## DATA IN THIS EXERCISE

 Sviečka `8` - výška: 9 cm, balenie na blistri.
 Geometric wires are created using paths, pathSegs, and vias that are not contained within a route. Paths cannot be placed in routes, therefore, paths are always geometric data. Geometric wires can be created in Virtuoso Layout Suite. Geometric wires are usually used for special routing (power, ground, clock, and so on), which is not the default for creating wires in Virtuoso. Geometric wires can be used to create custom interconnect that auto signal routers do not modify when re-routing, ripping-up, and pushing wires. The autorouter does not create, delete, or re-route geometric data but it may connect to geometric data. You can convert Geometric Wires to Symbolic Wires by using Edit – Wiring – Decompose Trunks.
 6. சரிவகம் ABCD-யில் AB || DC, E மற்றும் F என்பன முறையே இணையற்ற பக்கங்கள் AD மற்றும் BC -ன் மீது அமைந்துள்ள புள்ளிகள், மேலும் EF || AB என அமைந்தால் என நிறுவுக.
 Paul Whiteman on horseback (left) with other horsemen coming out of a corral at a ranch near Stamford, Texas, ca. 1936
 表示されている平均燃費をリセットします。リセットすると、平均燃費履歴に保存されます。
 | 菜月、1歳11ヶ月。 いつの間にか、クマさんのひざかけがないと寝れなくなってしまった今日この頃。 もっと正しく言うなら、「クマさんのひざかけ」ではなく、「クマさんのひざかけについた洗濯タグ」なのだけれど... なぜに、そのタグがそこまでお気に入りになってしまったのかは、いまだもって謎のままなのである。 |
* * *
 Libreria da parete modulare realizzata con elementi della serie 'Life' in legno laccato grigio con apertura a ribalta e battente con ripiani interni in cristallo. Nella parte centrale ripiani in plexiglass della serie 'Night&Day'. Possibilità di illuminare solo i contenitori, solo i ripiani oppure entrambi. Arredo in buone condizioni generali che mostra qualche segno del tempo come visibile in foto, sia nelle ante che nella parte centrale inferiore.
* * *
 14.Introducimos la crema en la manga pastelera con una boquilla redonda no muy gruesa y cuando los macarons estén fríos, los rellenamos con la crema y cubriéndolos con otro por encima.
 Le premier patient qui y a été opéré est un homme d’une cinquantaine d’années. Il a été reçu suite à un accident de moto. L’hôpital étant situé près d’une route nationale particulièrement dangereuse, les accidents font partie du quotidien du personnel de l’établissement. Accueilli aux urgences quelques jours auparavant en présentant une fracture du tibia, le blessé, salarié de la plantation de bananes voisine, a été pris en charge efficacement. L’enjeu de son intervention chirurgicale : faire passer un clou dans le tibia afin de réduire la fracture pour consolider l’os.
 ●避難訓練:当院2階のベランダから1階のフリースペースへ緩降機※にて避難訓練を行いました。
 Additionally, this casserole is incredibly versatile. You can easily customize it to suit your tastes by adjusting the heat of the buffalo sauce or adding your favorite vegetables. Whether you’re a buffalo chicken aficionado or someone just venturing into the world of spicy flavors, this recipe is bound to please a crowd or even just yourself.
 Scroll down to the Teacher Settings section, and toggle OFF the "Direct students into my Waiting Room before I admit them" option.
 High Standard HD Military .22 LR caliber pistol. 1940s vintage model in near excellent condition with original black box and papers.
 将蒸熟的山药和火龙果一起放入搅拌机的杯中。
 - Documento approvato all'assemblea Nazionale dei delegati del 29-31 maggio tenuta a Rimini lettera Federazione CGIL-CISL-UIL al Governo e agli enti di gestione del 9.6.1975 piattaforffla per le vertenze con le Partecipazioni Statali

## WHAT THIS TASK INVOLVES
Would you copy every line from the listing above that has the string "into" in it?

## RESPONSE TO THIS EXERCISE
 Additionally, this casserole is incredibly versatile. You can easily customize it to suit your tastes by adjusting the heat of the buffalo sauce or adding your favorite vegetables. Whether you’re a buffalo chicken aficionado or someone just venturing into the world of spicy flavors, this recipe is bound to please a crowd or even just yourself.
 Scroll down to the Teacher Settings section, and toggle OFF the "Direct students into my Waiting Room before I admit them" option.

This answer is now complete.